I am working on a "counting days" problem almost identical to this one. I have a list of date(s), and need to count how many days used excluding duplicate, and handling the gaps. Same input and output.
From: Markus Jarderot
Input
ID d1 d2
1 2011-08-01 2011-08-08
1 2011-08-02 2011-08-06
1 2011-08-03 2011-08-10
1 2011-08-12 2011-08-14
2 2011-08-01 2011-08-03
2 2011-08-02 2011-08-06
2 2011-08-05 2011-08-09
Output
ID hold_days
1 11
2 8
SQL to find time elapsed from multiple overlapping intervals
But for the life of me I couldn't understand Markus Jarderot's solution.
SELECT DISTINCT
t1.ID,
t1.d1 AS date,
-DATEDIFF(DAY, (SELECT MIN(d1) FROM Orders), t1.d1) AS n
FROM Orders t1
LEFT JOIN Orders t2 -- Join for any events occurring while this
ON t2.ID = t1.ID -- is starting. If this is a start point,
AND t2.d1 <> t1.d1 -- it won't match anything, which is what
AND t1.d1 BETWEEN t2.d1 AND t2.d2 -- we want.
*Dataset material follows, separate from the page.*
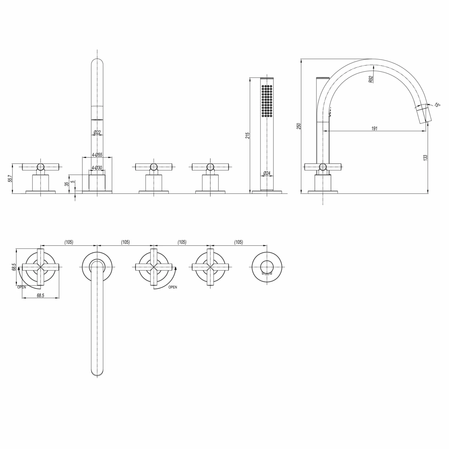 - Separate handles to adjust the hot and cold water with another handle to divert water to the shower handset

GROUP BY t1.ID, t1.d1, t1.d2
HAVING COUNT(t2.ID) = 0
Why is DATEDIFF(DAY, (SELECT MIN(d1) FROM Orders), t1.d1) picking from the min(d1) from the entire list? Is that regardless of ID.
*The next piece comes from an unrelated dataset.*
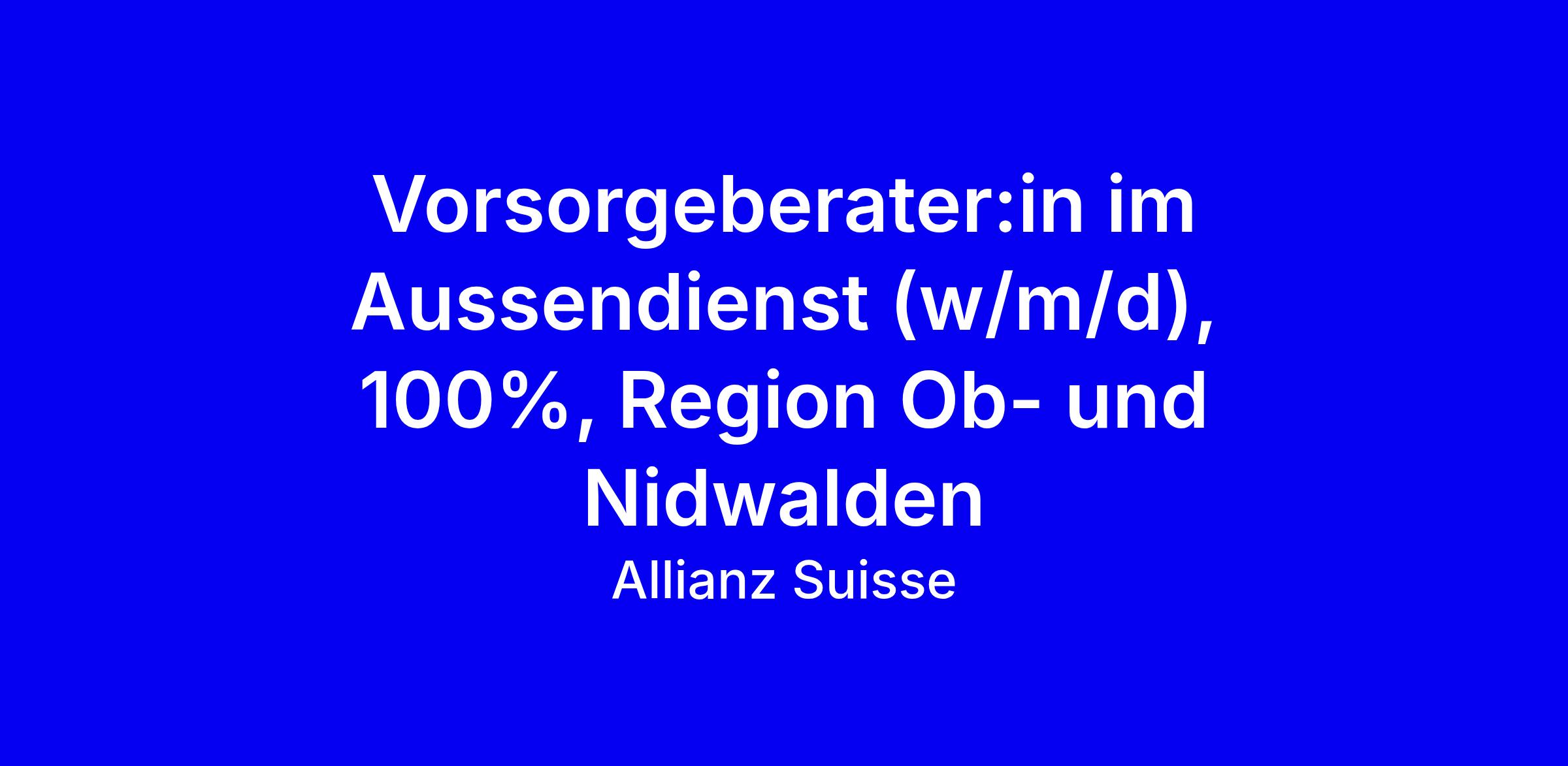 Als Vorsorgeberater:in im Aussendienst bei Allianz Suisse in der Generalagentur René Deck in Stans erwartet dich eine 100% Position im Ob- und Nidwalden. Du bist direkt im Kontakt mit Kundinnen und Kunden, berätst zu Vorsorge- und Anlageprodukten, arbeitest eigenverantwortlich und gestaltest Marktbearbeitung aktiv mit. Das Unternehmen bietet eine gründliche Einarbeitung, vielfältige Weiterbildung, ein leistungsorientiertes Vergütungsmodell mit realistischen Zielvorgaben, abwechslungsreiche Aufgaben und viel Flexibilität sowie den Rücken eines globalen Players mit starker regionaler Verankerung. Tipp: Betonen Sie Ihre Vorsorgekompetenz und regionale Kontakte. Voraussetzungen: eine höhere Ausbildung im Versicherungs- oder Finanzbereich, mehrjährige Berufserfahrung idealerweise mit Vorsorge-Schwerpunkt, Verkaufstalent, strukturierte und analytische Arbeitsweise, Freude am Umgang mit Menschen und gute Vernetzung in der Nähe der Agentur. Bewerbung Sebastian Kühn 058 357 58 71; Infos unter www.allianz.ch/aussendienst. Wir freuen uns auf dich.

And what does t1.d1 BETWEEN t2.d1 AND t2.d2 do? Is that to ensure only overlapped interval are calculated?
Same thing with group by, I think because if in the event the same identical period will be discarded? I tried to trace the solution by hand but getting more confused.